Um die Steuerung physischer Roboter von der visuellen Erfassung bis zur Gelenkbewegung abzubilden, teilt Google DeepMind die Architektur in drei aufeinander abgestimmte Modul-Varianten auf:

Die Modell-Familie im Überblick

Gemini Robotics 2 (VLA): Das Vision-Language-Action-Modell wandelt visuelle Kameradaten und Sprachbefehle direkt in motorische Steuerbefehle um. Es kontrolliert komplette humanoide Systeme von den Füßen bis zu den Fingerspitzen.

Gemini Robotics ER 2 (Embodied Reasoning): Das visuelle Sprachmodell dient als übergeordnetes Gehirn. Es plant mehrstufige Aufgaben über mehrere Minuten hinweg, korrigiert Fehlversuche und orchestriert Teams aus verschiedenen Robotern.

Gemini Robotics On-Device 2: Eine hocheffiziente Variante für die direkte Ausführung auf der Roboter-Hardware ohne Cloud-Latenz. Sie lässt sich in wenigen Stunden an völlig neue Roboterformen anpassen.

Wie die Entwicklung bei physischer KI in den vergangenen Monaten verdeutlicht hat, lag eine der größten Hürden bislang im Transfer gelernter Fähigkeiten auf unterschiedliche Roboter-Hardware. Google DeepMind gibt an, dass das On-Device-Modell durch ein verfeinertes Bewegungsübertragungsverfahren („Motion Transfer“) mit weniger als 200 Demonstrationsbeispielen an neue Roboterarme und Greifer angepasst werden kann.

Humanoiden in Bewegung: Ganzkörper-Aufgaben im Test

Im praktischen Versuch demonstrierte das Team die Fähigkeiten unter anderem am humanoiden Roboter Apollo 2 des Herstellers Apptronik. Auf den Befehl, eine Gießkanne in ein unteres Regal einzusortieren, steuerte das Modell den Roboter autonom von der Arbeitsfläche über mehrere Schritte hinweg bis zur Zielablage.

Feinmotorik mit 22 Freiheitsgraden an Roboterhänden

Neben der Ganzkörper-Balance erfasste das System auch feingliedrige Hände mit fünf Fingern und 22 Freiheitsgraden (SharpaWave-Hand). In Tests bewältigte der Roboter filigrane Aufgaben wie das Zuziehen von Ziplock-Beuteln oder das Knoten von Schnüren. Dennoch zeigen die veröffentlichten Messwerte, dass extrem anspruchsvolle Drehbewegungen wie das Eindrehen einer Glühbirne mit einer Erfolgsquote von 36 Prozent weiterhin eine Herausforderung darstellen.

Autonome Teamarbeit & Multi-Roboter-Kollaboration

Einen wichtigen Schritt in Richtung industrieller Anwendbarkeit markiert die integrierte Multi-Roboter-Kollaboration. Über das Reasoning-Modell ER 2 können unterschiedliche Robotertypen Aufgabenschritte untereinander aufteilen. Während beispielsweise ein mobiler Transportroboter Material heranführt, übernimmt ein zweiter Arm die Präzisionsmontage.

Sicherheits-Framework und Stopp bei menschlicher Nähe

Mit dem Modell-Update führt Google DeepMind den neuen Sicherheits-Benchmark ASIMOV-Agentic ein. Dieser testet, ob das übergeordnete Planungssystem unsichere oder fehlerhafte Bewegungsbefehle der untergeordneten Motorsteuerung verweigert und bei Unklarheiten selbstständig menschliche Hilfe anfordert.

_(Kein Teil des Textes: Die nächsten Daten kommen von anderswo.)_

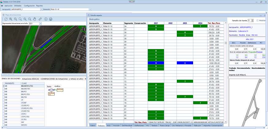 Los parámetros estructurales y funcionales de los pavimentos, recogidos mediante dispositivos de alto de alto rendimiento o visualmente, se cargan en el sistema. Estos datos se visualizan mediante gráficos, histogramas, temáticas y tablas. Además, pueden visualizarse distintos parámetros técnicos (PCN. PCI, etc.) pueden representarse. Además, DEDALO calcula automáticamente el PCI a partir de los datos recogidos.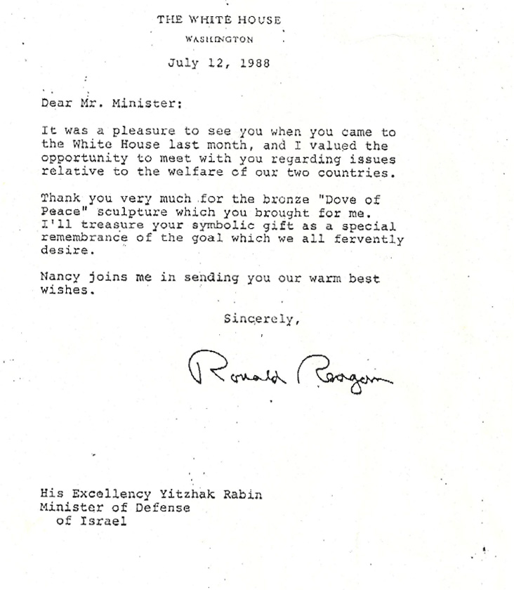 מכתה התודה של נשיא ארצות הברית מר רונלד ריגן עם קבלת פסלי "יונת השלום"

Zusätzlich erkennt das System laut Herstellerberichten in Echtzeit, wenn sich Menschen im Aktionsradius befinden, und leitet bei zu geringem Abstand automatisch einen Sicherheitsstopp ein. Während die Reasoning-Komponente ab sofort über Google AI Studio testbar ist, verbleiben die direkten Steuerungsmodelle vorerst in einer geschlossenen Vorschau für ausgewählte Entwicklungspartner.

🎯 Was das für die Praxis bedeutet

1. Trennung von Denk- und Steuerungs-Ebene: Die Architektur zeigt, dass industrielle Robotik künftig auf eine Kombination aus lokalen Echtzeit-Motor-Modellen und Cloud-basierten Logik-Agenten setzt.

2. Schnellere Hardware-Adaption: Mit unter 200 Trainingsbeispielen sinkt der Aufwand drastisch, bestehende KI-Steuerungen auf neue Greifer oder Roboterarme im Betrieb anzupassen.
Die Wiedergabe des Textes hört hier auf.